(PROVIDED DATA Opens)

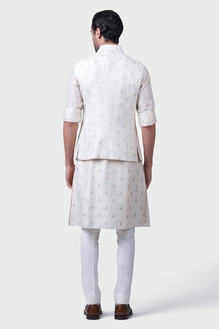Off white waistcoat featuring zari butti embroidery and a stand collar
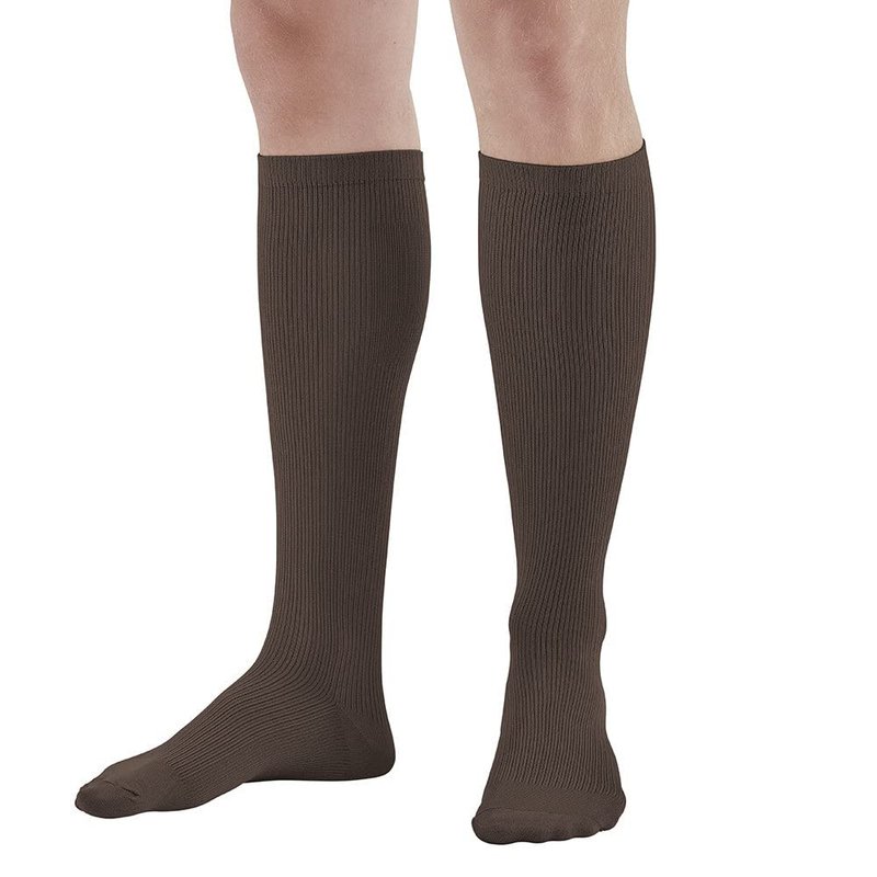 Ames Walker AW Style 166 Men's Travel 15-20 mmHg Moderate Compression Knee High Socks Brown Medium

(PROVIDED DATA Closes)
(PROVIDED DATA Opens)

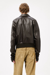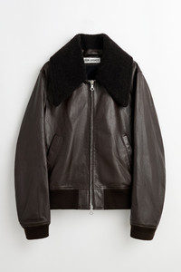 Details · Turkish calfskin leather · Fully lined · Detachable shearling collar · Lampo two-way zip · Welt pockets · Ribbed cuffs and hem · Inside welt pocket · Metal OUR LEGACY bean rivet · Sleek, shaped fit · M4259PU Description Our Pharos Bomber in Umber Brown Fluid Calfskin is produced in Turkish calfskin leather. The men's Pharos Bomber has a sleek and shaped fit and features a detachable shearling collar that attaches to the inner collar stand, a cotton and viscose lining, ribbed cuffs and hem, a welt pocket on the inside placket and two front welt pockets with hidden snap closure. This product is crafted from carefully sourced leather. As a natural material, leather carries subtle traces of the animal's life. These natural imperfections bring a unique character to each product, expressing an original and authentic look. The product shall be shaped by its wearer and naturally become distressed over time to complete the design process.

(PROVIDED DATA Closes)
(PROVIDED DATA Opens)

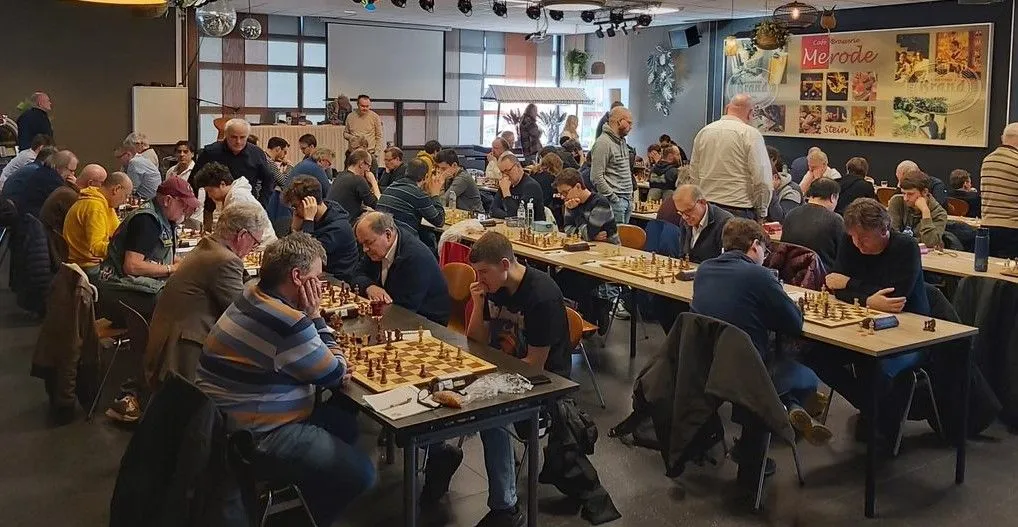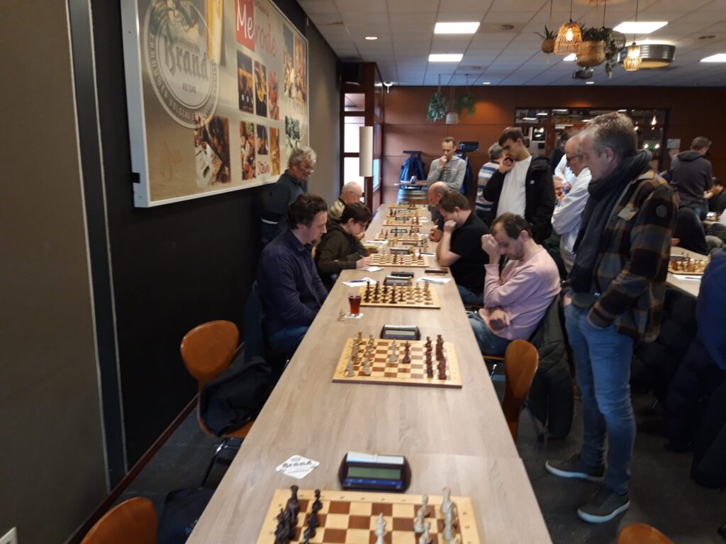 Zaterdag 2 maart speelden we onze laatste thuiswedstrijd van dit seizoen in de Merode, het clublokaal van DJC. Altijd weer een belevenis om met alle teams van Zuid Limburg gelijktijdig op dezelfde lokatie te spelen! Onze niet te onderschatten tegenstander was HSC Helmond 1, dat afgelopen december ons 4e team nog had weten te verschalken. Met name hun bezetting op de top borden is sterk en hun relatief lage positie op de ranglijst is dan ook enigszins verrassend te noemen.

(PROVIDED DATA Closes)

▸ YOUR INSTRUCTIONS
Among the entries above, copy exactly the stretch from the line holding "Off white waistcoat" through the line holding "Ames Walker AW", leaving out any pictures.

▸ EXERCISE SOLUTION
Off white waistcoat featuring zari butti embroidery and a stand collar
 Ames Walker AW Style 166 Men's Travel 15-20 mmHg Moderate Compression Knee High Socks Brown Medium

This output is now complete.